**DATA BELOW:**

=== Section Start ===

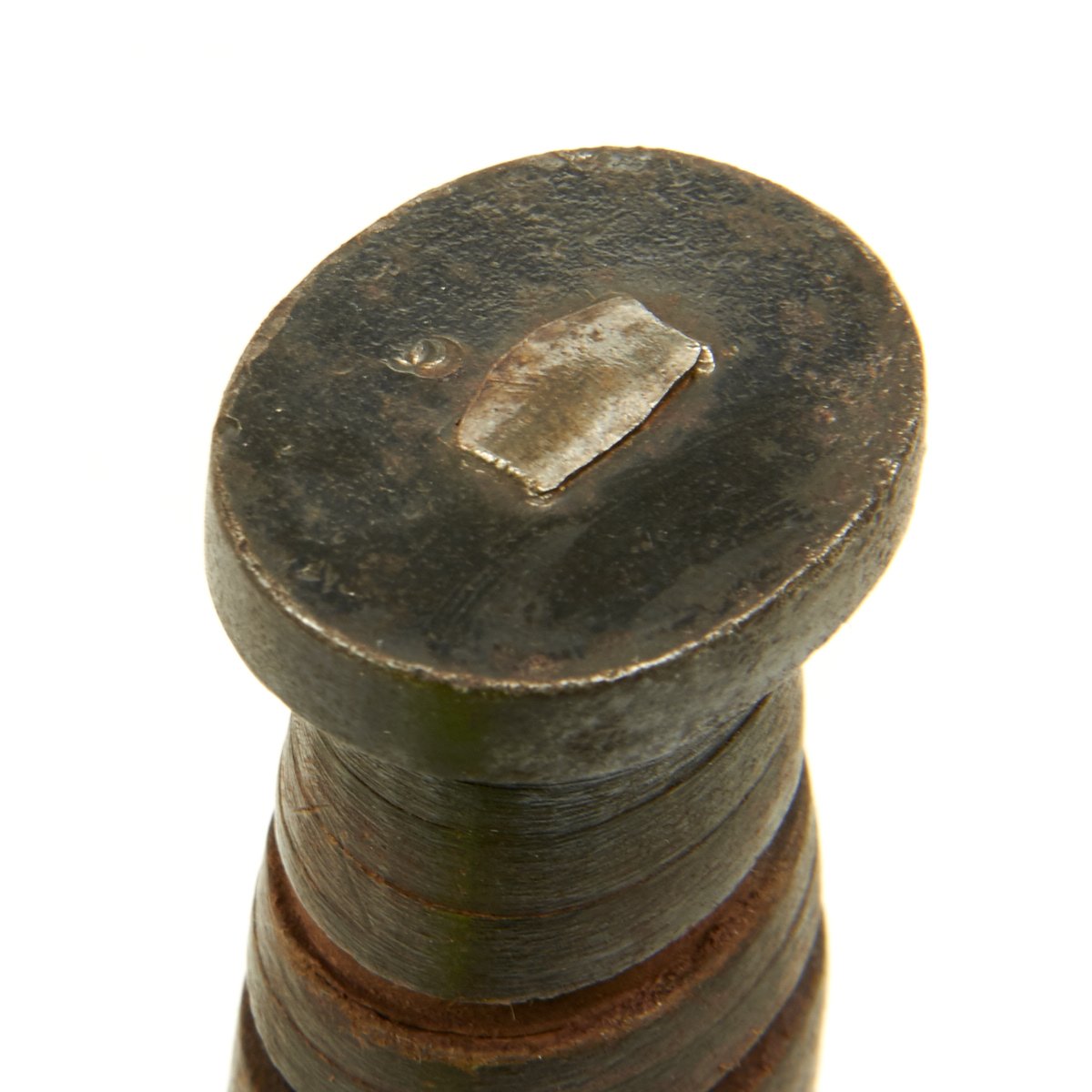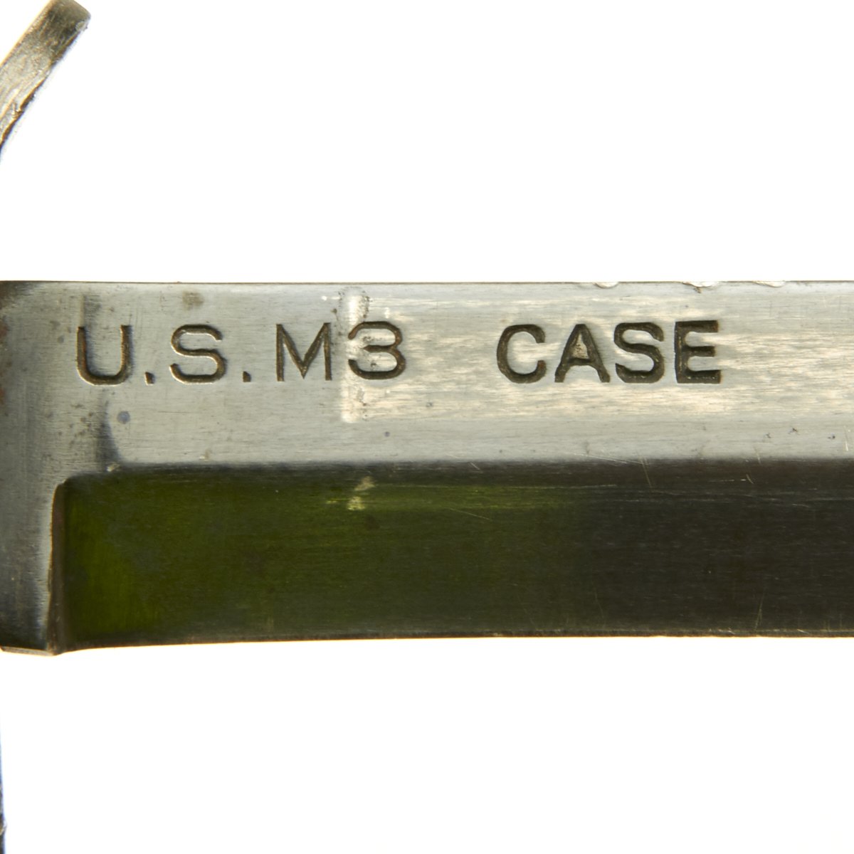 Original Item: Only One Available. A fine WWII period Mark 3 U.S. fighting knife with the blade deeply stamped, U.S. M3 CASE. This is the earlier scarce blade-marked version rather than guard-marked example. The blade shows 85% original finish is still razor sharp and offered in very good condition. The handle and stacked leather grip are in excellent condition.
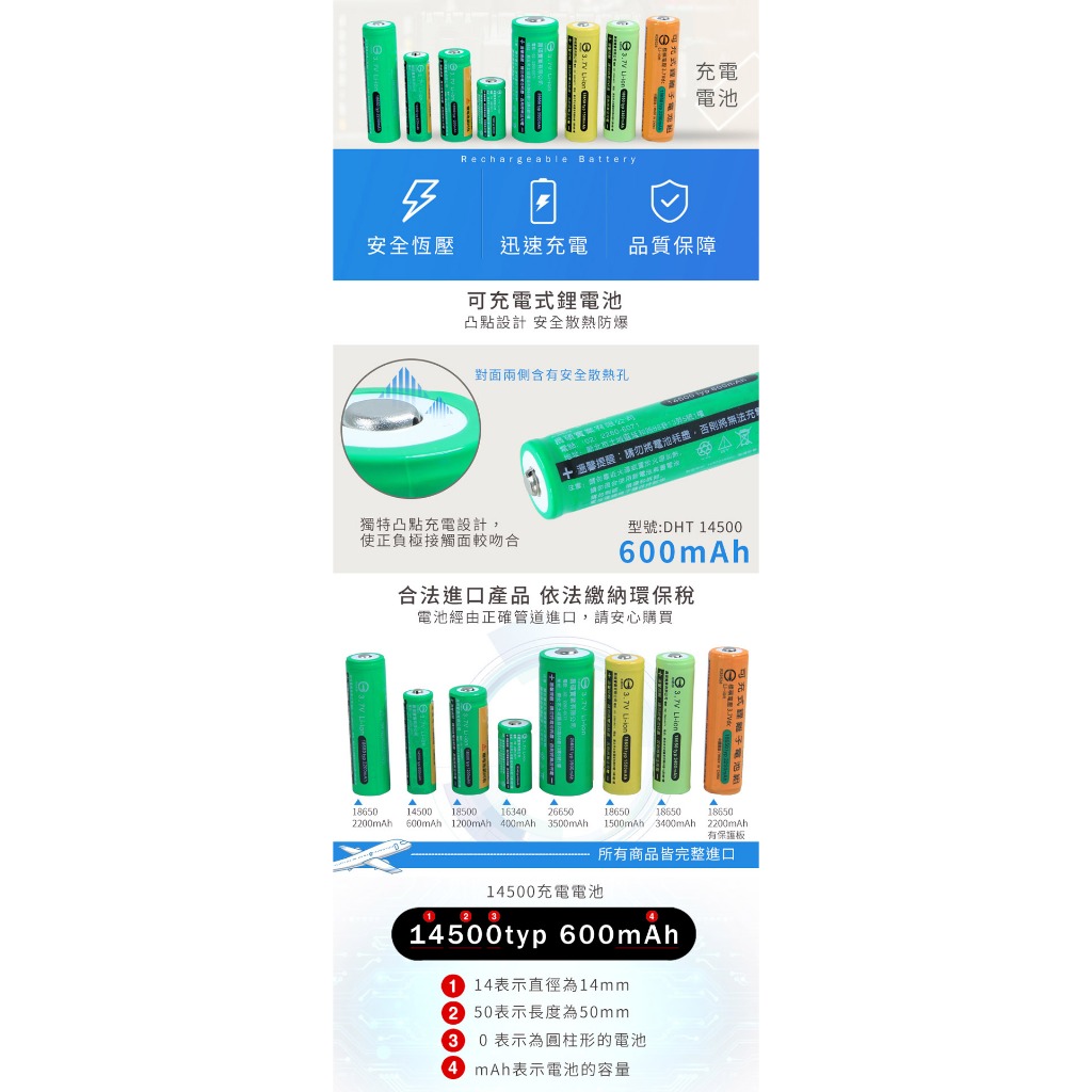 CS 14500 凸點 充電 電池(單顆入) 600mAh/顆 循環使用 環保又方便 凸頭接觸面 正負極分辨
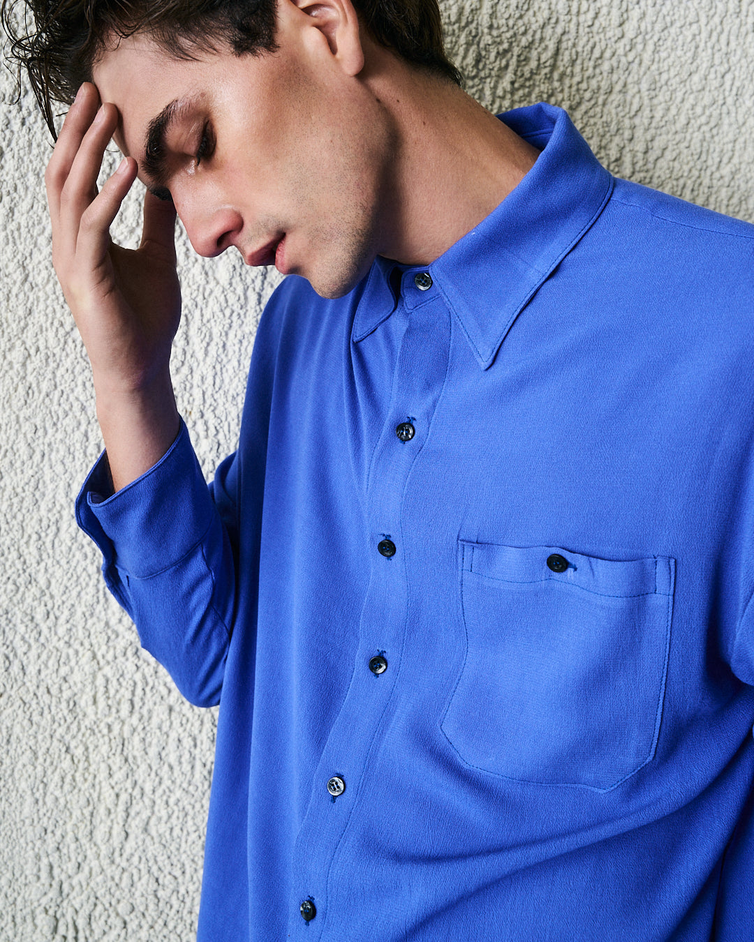 Camisa confeccionada en viscosa celeste, tono azul paquete vela. Tela muy suave al tacto, similar al algodón.

=== Section End ===

**TASK OBJECTIVE:**
The required output is every line of the data above, set down exactly and stripped of pictures.

**SOLUTION TO THIS PROBLEM:**
 Original Item: Only One Available. A fine WWII period Mark 3 U.S. fighting knife with the blade deeply stamped, U.S. M3 CASE. This is the earlier scarce blade-marked version rather than guard-marked example. The blade shows 85% original finish is still razor sharp and offered in very good condition. The handle and stacked leather grip are in excellent condition.
 CS 14500 凸點 充電 電池(單顆入) 600mAh/顆 循環使用 環保又方便 凸頭接觸面 正負極分辨
 Camisa confeccionada en viscosa celeste, tono azul paquete vela. Tela muy suave al tacto, similar al algodón.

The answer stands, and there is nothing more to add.